China, a veto-holding member of the United Nations Security Council, has resisted pressure from the U.S. to isolate Iran and impose a third round of international sanctions over the country's nuclear program. The Chinese government wants its oil and gas producers to step up their global search for energy resources to meet rising consumption, spurred by an economy that surged 11.5 percent in the third quarter.

``This is a commercial deal, I don't think China will worry about the political tensions between the U.S. and Iran,'' said Victor Shum, senior principal at energy consultant Purvin & Gertz Inc. in Singapore. ``News that Iran probably stopped its nuclear weapon program in 2003 is a good sign that it poses no imminent threat to the U.S.''

Initial Agreement

Sinopec signed an initial agreement to buy 250 million metric tons of LNG from Iran over 30 years, National Iranian Oil Co.'s Senior Vice President of Development S.M. Hosseini told reporters in Beijing on Oct. 29, 2004.

The agreement yesterday is the largest energy contract between China and Iran, said Ying Xiaodong, an oil analyst with Citic Securities Co.

Zhang Zheng, spokesman for overseas affairs at Sinopec Group, as China Petrochemical is known, today said from Beijing he is ``not authorized to disclose information about the Iran project.''

Defense Secretary Robert Gates Dec. 8 called on U.S. allies to ``intensify'' economic and diplomatic pressure on Iran to suspend non-nuclear weapons uranium enrichment and allow verification that it doesn't resume a nuclear weapons program.

Nuclear Technology

Iran hasn't proven to the world that it has been developing nuclear technology exclusively for peaceful purposes, United Nations Secretary-General Ban Ki-moon said Dec. 7.

The agreement with Sinopec shows that U.S. claims that international companies are not willing to invest in Iran are baseless, IRNA said, citing the oil minister. The accord with Sinopec was delayed by ``tough commercial negotiations'' instead of the U.S. threat of sanctions, the agency said.
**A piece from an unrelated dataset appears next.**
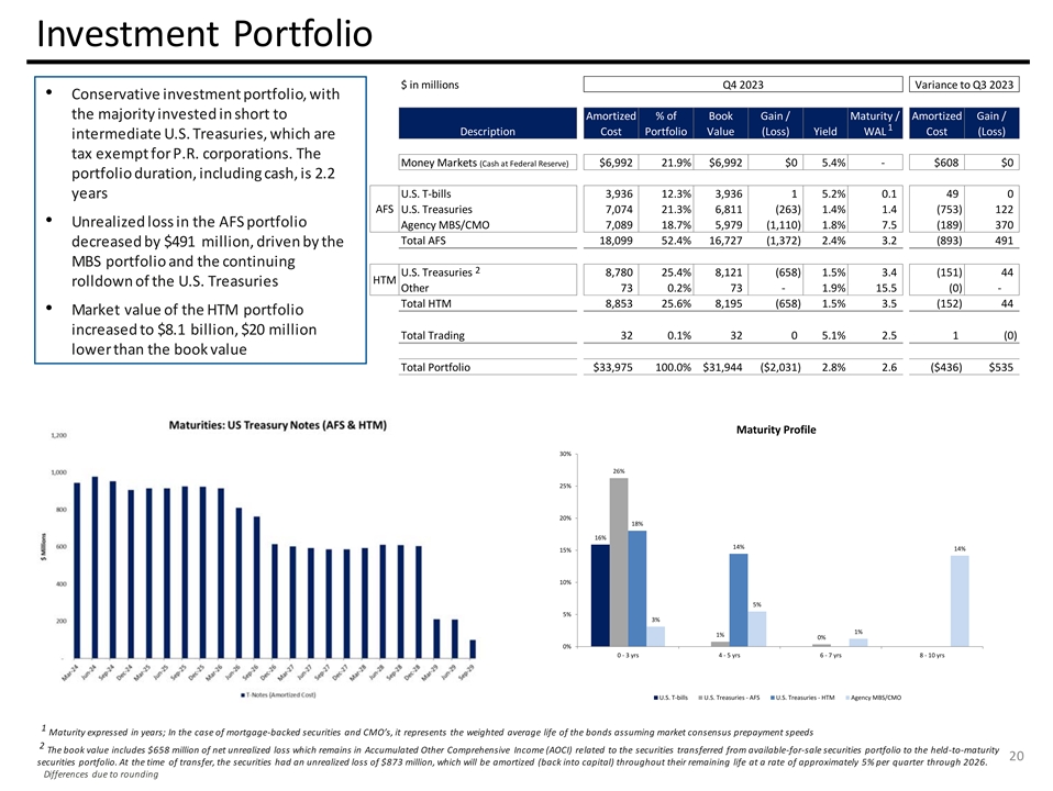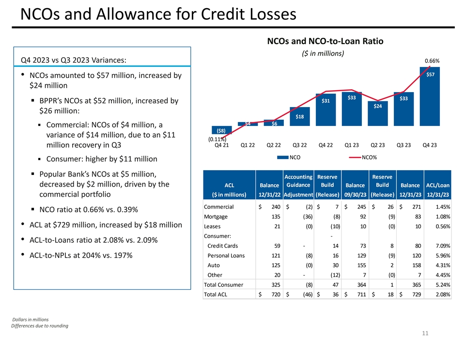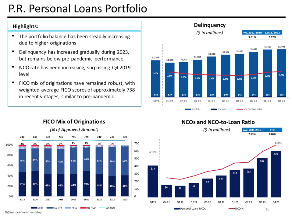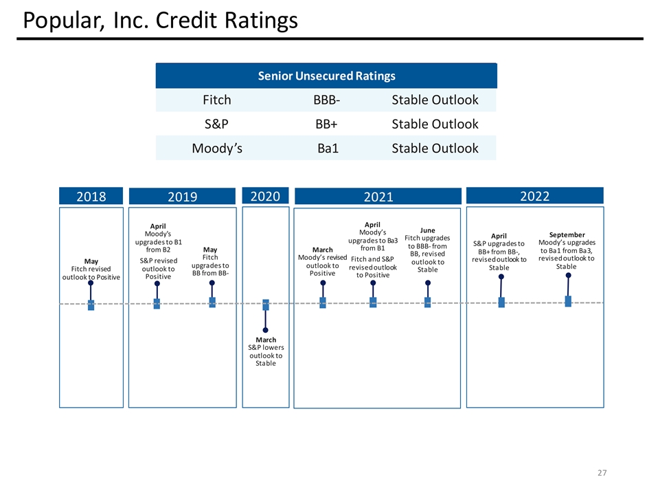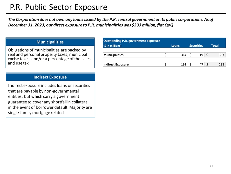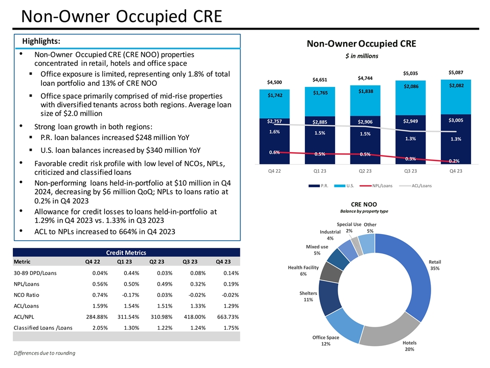 Cautionary Note Regarding Forward-Looking Statements This presentation contains “forward-looking statements” within the meaning of the U.S. Private Securities Litigation Reform Act of 1995, including without limitation those regarding Popular’s business, financial condition, results of operations and future plans, objectives, performance, earnings and expenses. These statements are not guarantees of future performance, are based on the current expectations of Popular, Inc.’s (the “Corporation”) management and, by their nature, involve risks, uncertainties, estimates and assumptions. Potential factors, some of which are beyond the Corporation’s control, could cause actual results to differ materially from those expressed in, or implied by, such forward-looking statements. More information on the risks and important factors that could affect the Corporation’s future results and financial condition is included in our Form 10-K for the year ended December 31, 2022, our Quarterly Reports on Form 10-Q for the quarters ended March 31, 2023, June 30, 2023 and September 30, 2023, in our earnings release for the quarter ended December 31, 2023, and in our Annual Report on form 10-K for the year ended December 31, 2023 to be filed with the Securities and Exchange Commission. Our filings are available on the Corporation’s website (www.popular.com) and on the Securities and Exchange Commission website (www.sec.gov). The Corporation assumes no obligation to update or revise any forward-looking statements which speak as of their respective dates.

Talks on Yadavaran were delayed because Sinopec asked for a higher rate of return from the field, Agence France-Presse said in a report on its Web site, citing Nozari.

Sinopec's period of reimbursement has been halved to four years in the final contract, the report said, without giving details. Iran's constitution bars the sale of equity in the nation's oil and gas fields. Investors are compensated for their spending in oil and gas, a method known as ``buyback.''

Recoverable Reserves

According to Iranian estimates, the Yadavaran field has ``in-place'' reserves of 18.3 billion barrels of oil and 12.5 trillion cubic feet of gas, of which 3.2 billion barrels oil and 2.7 trillion cubic feet of gas are recoverable, Xinhua said.

Iran was China's third-biggest supplier of crude oil through the first 10 months of this year, according to the Beijing-based Customs General Administration. China's oil demand will increase 5.4 percent to 7.5 million barrels a day this year, the International Energy Agency said in its November forecast.

``The Chinese government is interested in diversifying sources of crude oil production and its national oil companies have more flexibility in going to places that the international oil companies can't,'' said Shum. ``China has been importing crude oil and fuel oil from Iran so Sinopec is keen to complete the deal.''

Earlier Deals

Sinopec Group in June 2006 agreed to buy OAO Udmurtneft, an affiliate of BP Plc, to produce oil in Russia for the first time. China National Petroleum Corp., the nation's biggest oil producer, bought PetroKazakhstan, which accounts for about 12 percent of Kazakhstan's oil output, for $4.18 billion in October 2005.

Cnooc Ltd., the country's biggest offshore oil company, paid $2.7 billion for a 45 percent stake in Nigeria's OML 130 oil area, also known as the Akpo deposit, from privately owned Nigerian company South Atlantic Petroleum Ltd.

Sinopec Group is the parent of China Petroleum & Chemical Co., known as Sinopec Corp., which is listed on stock markets in Hong Kong, New York, London and Shanghai.